La mode ces dernières années n’est plus au seulement bling ni au clinquant. L’ère est au daté, au démodé et à la découpe. L’esprit du temps promeut le réusage et la débrouille. Alliant l’esthétique et l’éthique, le classique et l’intemporel, le vintage semble plus que jamais au goût du jour. Petit état des lieux d’un phénomène qui n’est pas prêt de disparaître… 

Des Fashion Weeks jusqu’aux concept-stores les plus convoités de la planète, de Kim Kardashian à Alexa Chung, le vintage s’impose partout et tout le temps. Contrairement au neuf, plus de problème de saisonnalité ou de décalage pour ces pièces qui sont parvenues à traverser le temps. Ce top Yves Saint Laurent, cette petite robe noir Chanel, ce sweat Helmut Lang tout droit sorti des 90s ou cette robe Versace au décolleté plongeant… Aucun doute, le “old school” est tendance. Traversant les époques, les lieux et les styles, il évolue au fil des années, fidèle au renouvellement de la mode et ne cesse de prendre de la valeur grâce à son aura d’antiquité. De Barneys à Kiliwatch, de New York à Paris, le vintage a décidément le vent en poupe. 

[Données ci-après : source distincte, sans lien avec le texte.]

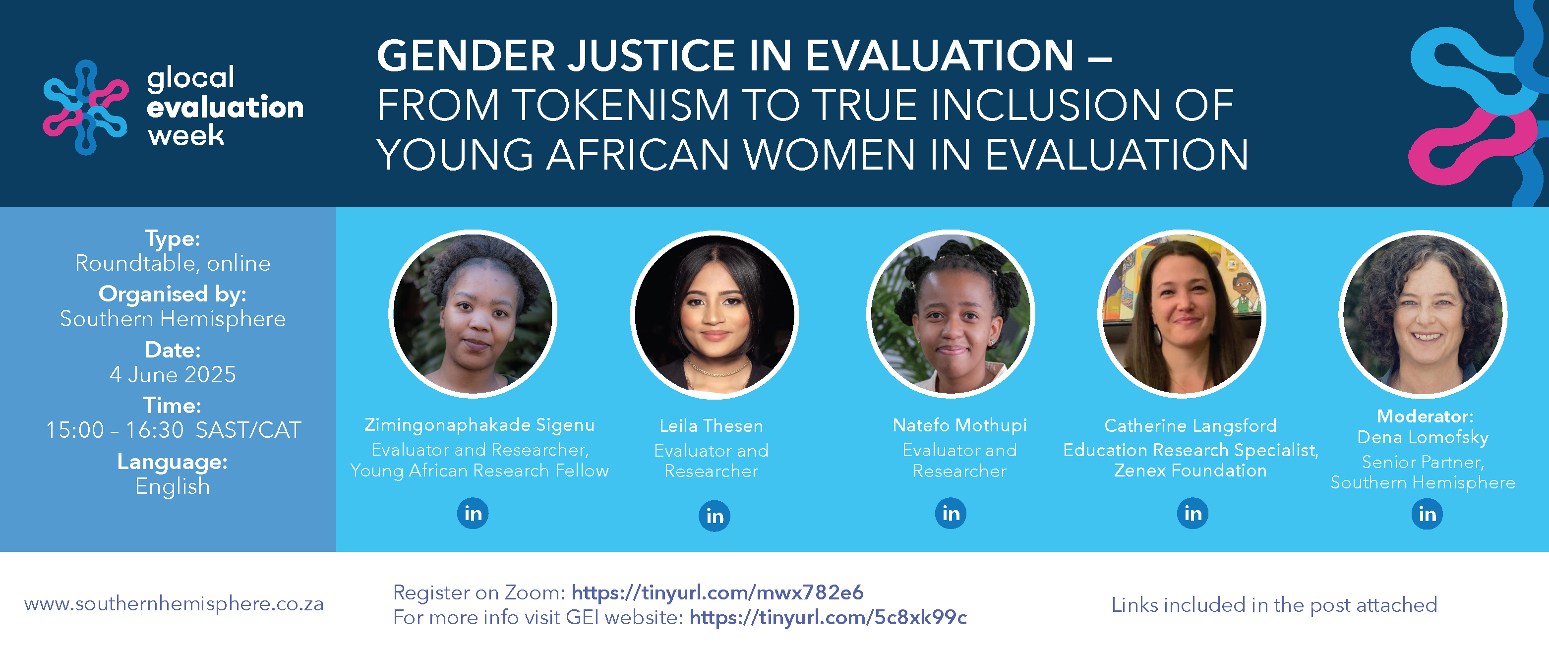 Too often, emerging evaluators — particularly young African women — are excluded from meaningful participation and leadership in the evaluation sector. By sharing both the organisational and personal journey, this session will provide tangible examples of how to shift that narrative. Southern Hemisphere’s experience offers a model for how sustained, intentional support can transform the field — ensuring it reflects the communities it serves and delivers more relevant, just, and effective evaluation practices.

Le terme anglophone désigne un “millésime” en oenologie, soit de vieux vins de références ou des alcools spiritueux. Mais depuis les années 80, le mot “vintage” est entré dans le langage courant pour désigner des objets “rétros” : des objets d’époque. La mode à son tour se l’est approprié pour évoquer ces vêtements anciens et souvent rares, voire uniques, de créateurs prestigieux. Puis il s’est généralisé aux “fripes” en tout genre que l’on déniche dans les brocantes, friperies, puces ou salles de vente. Au delà de la reconnaissance d’un créateur ou d’une griffe, c’est l’unicité d’une pièce que l’on recherche dans le vintage mais aussi son savoir-faire et sa qualité. Cette petite touche “classique” que lui confère son ancienneté, parfois même, son intemporalité. Bref, ce petit supplément d’âme que l’on nomme l’expérience. La recherche de l’exception. 

Cultivant l’art de la durabilité et et de la rareté, le vintage est devenu un luxe dont aucun aficionados de mode ne saurait aujourd’hui se passer. Le total look est dépassé. Aujourd’hui, la mode se mixe et se superpose. Plus encore, le vintage répond à une logique de consommation responsable qui promeut une mode circulaire et éthique à contre-courant des critiques essuyées par l’industrie : production à outrance, gaspillage, non respect des droits humains… Une mode radicalement dans l’air du temps ? Oui, celle d’avant. Entre nostalgie d’un passé magnifié, culte rétro et lassitude de la fast-fashion, le vintage séduit de plus en plus de consommateurs. En 2019, pas moins de 39 % des Français ont acheté au moins un vêtement ou accessoire de mode de seconde main et 48 % des consommateurs indiquent vouloir en acheter davantage dès 2020, selon une étude de l’Institut Français de la Mode. Et cette croissance s’annonce exponentielle. 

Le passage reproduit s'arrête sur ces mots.